BHP Billiton has released a proposed plan for its coalmine on the Liverpool Plains that it says shows beyond doubt there will be no impact on local agriculture, but which opponents maintain could spell the end of farming in the area.
The plan for the Caroona Coal Project is part of the company’s Gateway submission to the NSW government, the first step in the mining approval process.
It presented the submission to a meeting of the Caroona Coal Project Community Consultative Committee yesterday, before it’s sub- mitted to the Mining and Petroleum Gateway Panel tomorrow.
The Gateway process is an independent, scientific assessment of the impact of new state-significant mining and coal seam gas proposals on strategic agricultural land and its associated water resources.

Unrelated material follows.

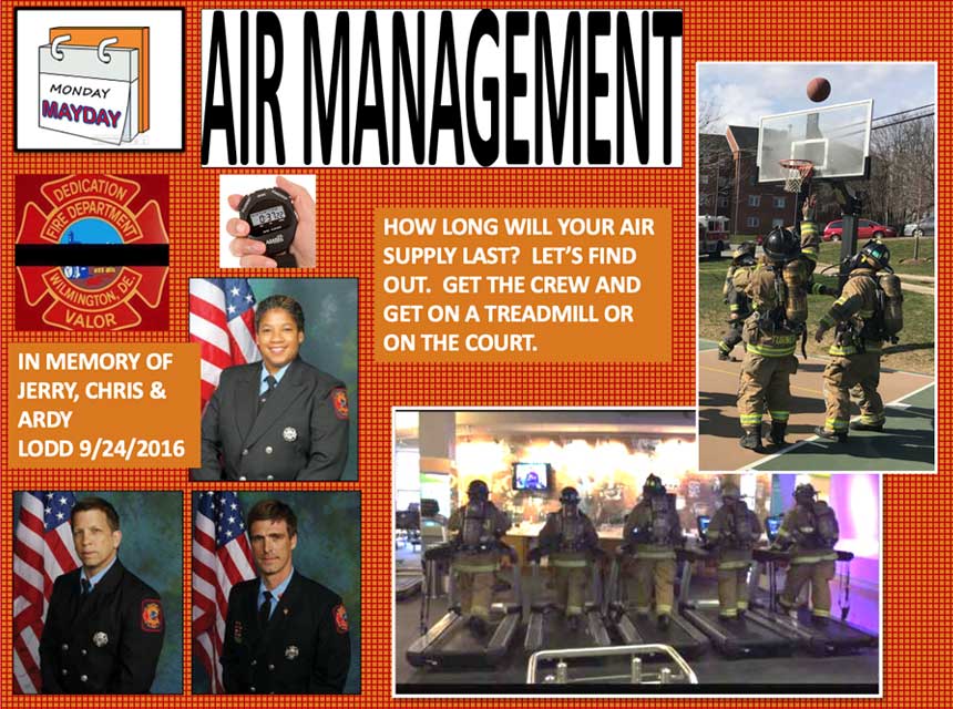 无论如何,你的空气供应的重要性不能被夸大。事实上,请收听本月的播客,威尔明顿消防队员布拉德·斯皮克曼谈论在等待救援人员时控制呼吸以保存空气。点击下面的播客。

NSW energy coal asset president for BHP Billiton Peter Sharpe said the preliminary environmental studies undertaken as part of the BHP Billiton document indicated the mine would not impact on the underground aquifers, the main bone of contention with those opposed to the project.
Farmer and chairman of the Caroona Coal Action Group Tim Duddy was at yesterday’s meeting and told The Leader in his opinion, the submission had shown the opposite.
“It’s showing an impact of 180m (of drawdown) on some of the aquifers farmers use for irrigation,” he said.
“What this application flags is the beginning of the end of agriculture on the Liverpool Plains.”
Mr Duddy said one of the conditions of the granting of the exploration licence was there would be no mining on or under the flood plain, but the submission indicated this was what was being contemplated.
He said his group would now be writing to the Gateway panel, which has 90 days to assess the submission, outlining their objections.
Members would also continue their fundraising activities to engage more expert opinion in the lead-up to the submission of the company’s final environmental impact statement, which BHP Billiton says is still at least 12 months away.
Mr Sharpe maintained the company would only proceed with the mine if it could satisfy the environmental requirements at each stage of the assessment process and show real benefits for the economy and community.
BHP Billiton says the mine, which is expected to have a 30-year life, will generate 400 full-time jobs at peak production and 600 during construction.